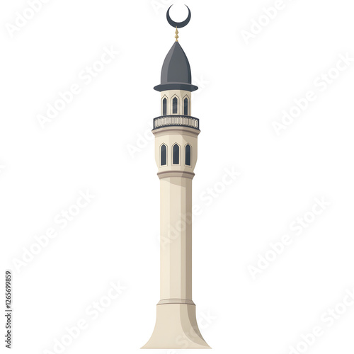 Mosque Minaret with Crescent Moon, transparent background minimalistic illustration
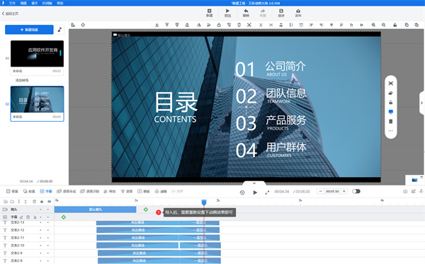 简单自定义场景元素的进场,强调及退出动画特效,让场景元素随心所动,分分钟做出专业动画视频大片效果,让微课、企业宣传、培训动画视频妙趣横生。
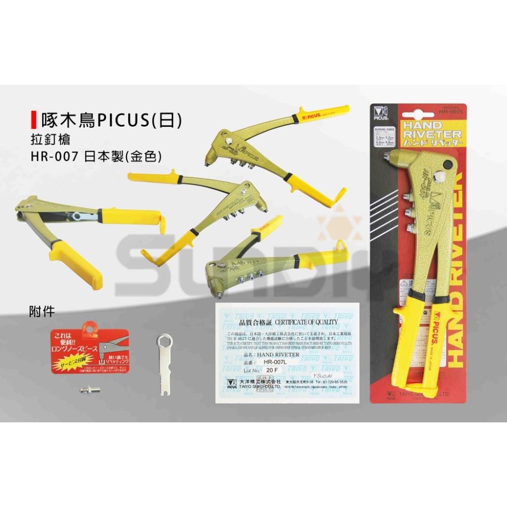 (手工具-槍)啄木鳥PICUS(日) 拉釘槍/手動拉釘槍/鉚釘槍(可拉白鐵)-(HR-007L)金色
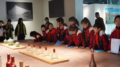 在凸酒酒業(yè)有限公司,同學(xué)們依次參觀了博物館、現(xiàn)代制酒車間和非遺制酒車間,了解糧食甄選、發(fā)酵蒸餾等白酒釀造流程。在白酒調(diào)制體驗(yàn)區(qū),學(xué)生嘗試調(diào)酒、瓶標(biāo)設(shè)計、貼標(biāo)等操作。“原來釀好酒要經(jīng)過這么多步驟,真是長知識了!”
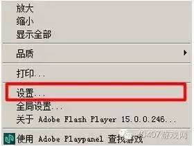 1. 在游戏首页中间点击右键,打开Flash的设置面板:
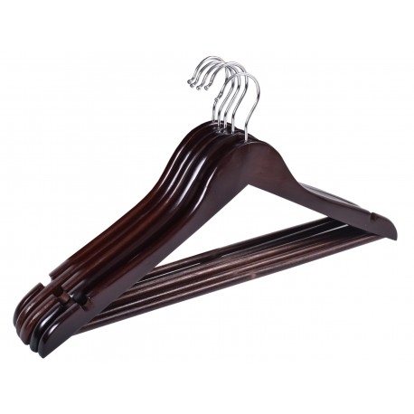 Wieszak Rondo wykonano z wysokiej jakości drewna. Został starannie wykończony i zabezpieczony farbą, dzięki czemu będzie doskonale prezentował się także w eleganckich butikach z luksusową odzieżą. W domowym zaciszu zadba o to, by Twoje ubrania nie zsuwały się, posiada bowiem specjalne wcięcia na ramionach. Dodatkowa poprzeczka pozwoli zawiesić dodatkowe elementy garderoby i zapobiegnie ich zagnieceniu. Hak wieszaka wykonano ze stali nierdzewnej, co znacząco wyróżnia go pod względem trwałości na tle konkurencji.
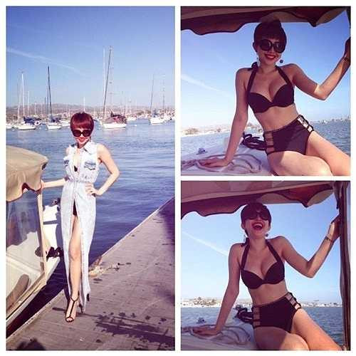 Với mái tóc tém cùng những trang phục vừa cổ điển vừa gợi cảm, Tóc Tiên thả hồn phiêu lãng với sóng biển
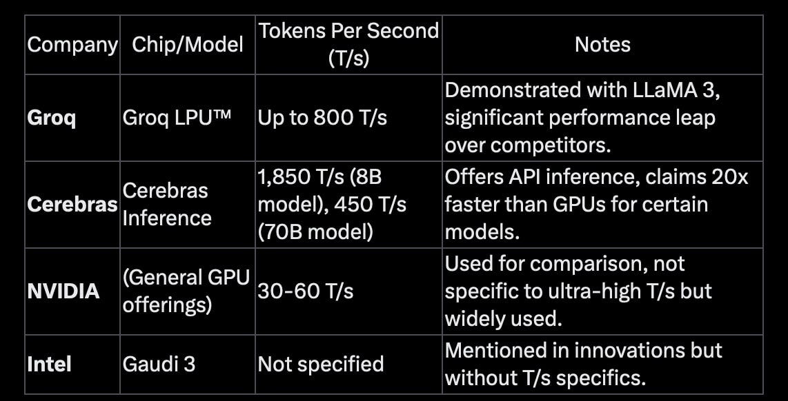 ‣ Llama3.1-70B at 450 tokens/s – 20x faster than GPUs

---

● What needs to be done
Your copy should run from the line that has "Với mái tóc" through the last line above, exactly, with both ends in and pictures out.

● The completed task
 Với mái tóc tém cùng những trang phục vừa cổ điển vừa gợi cảm, Tóc Tiên thả hồn phiêu lãng với sóng biển
 ‣ Llama3.1-70B at 450 tokens/s – 20x faster than GPUs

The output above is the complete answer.